======== Data segment ========

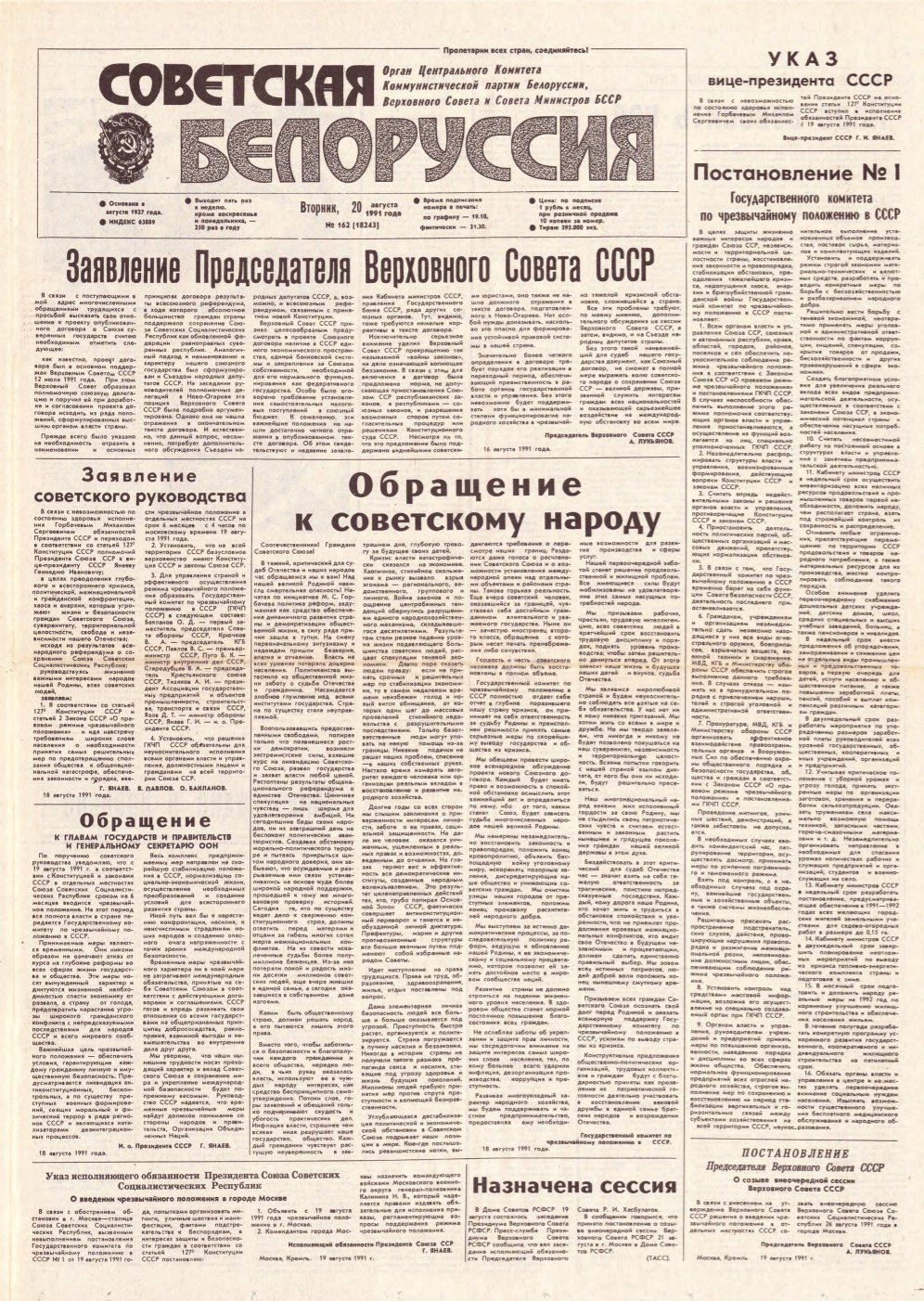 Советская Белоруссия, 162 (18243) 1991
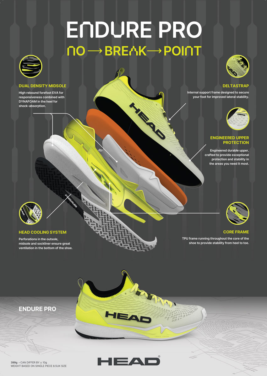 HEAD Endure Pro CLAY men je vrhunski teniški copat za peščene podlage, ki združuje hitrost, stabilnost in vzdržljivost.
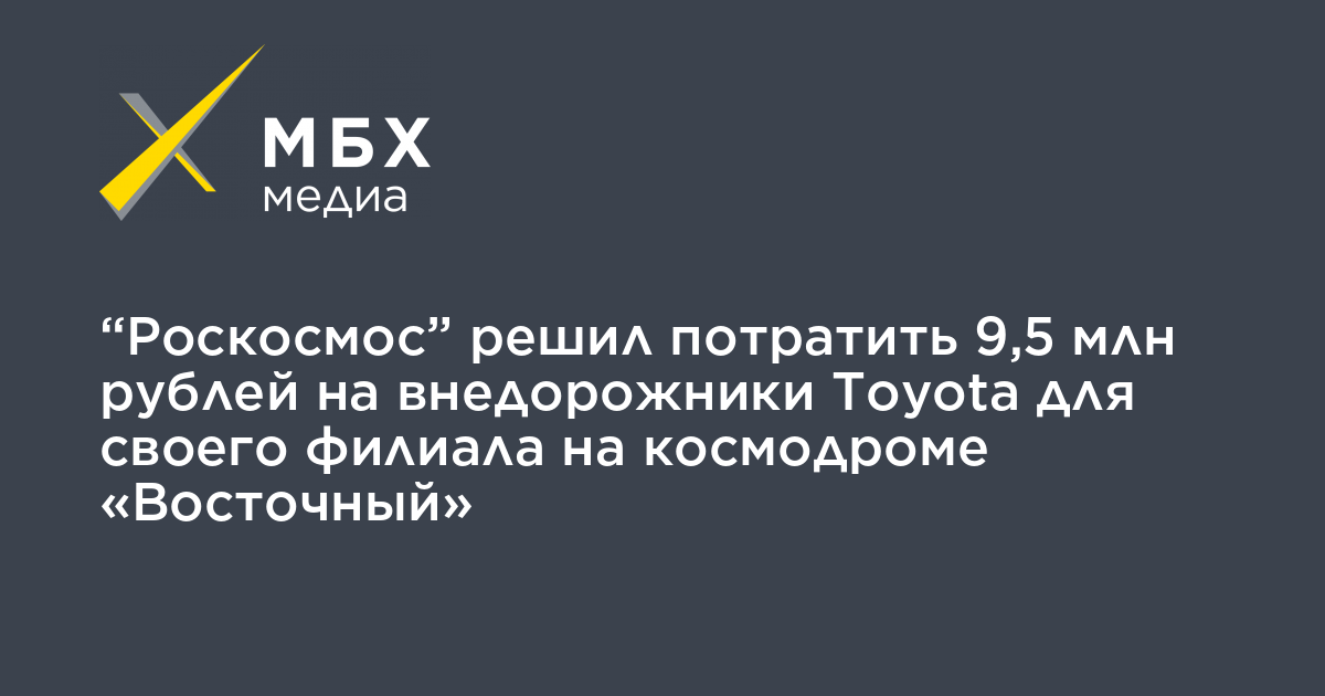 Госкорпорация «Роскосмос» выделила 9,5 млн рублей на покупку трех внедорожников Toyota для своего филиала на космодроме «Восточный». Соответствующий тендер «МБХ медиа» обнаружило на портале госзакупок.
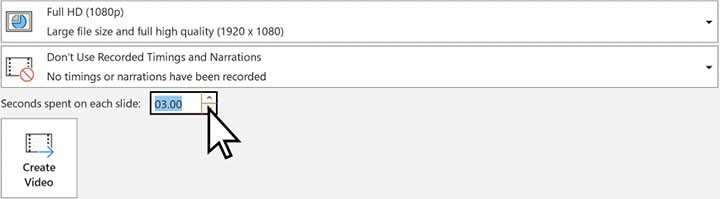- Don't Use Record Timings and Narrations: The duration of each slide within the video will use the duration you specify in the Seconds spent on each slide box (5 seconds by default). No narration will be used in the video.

========

Task description: Copy out the whole listing word for word, except for any picture it includes.

Task solution:
 Советская Белоруссия, 162 (18243) 1991
 HEAD Endure Pro CLAY men je vrhunski teniški copat za peščene podlage, ki združuje hitrost, stabilnost in vzdržljivost.
 Госкорпорация «Роскосмос» выделила 9,5 млн рублей на покупку трех внедорожников Toyota для своего филиала на космодроме «Восточный». Соответствующий тендер «МБХ медиа» обнаружило на портале госзакупок.
- Don't Use Record Timings and Narrations: The duration of each slide within the video will use the duration you specify in the Seconds spent on each slide box (5 seconds by default). No narration will be used in the video.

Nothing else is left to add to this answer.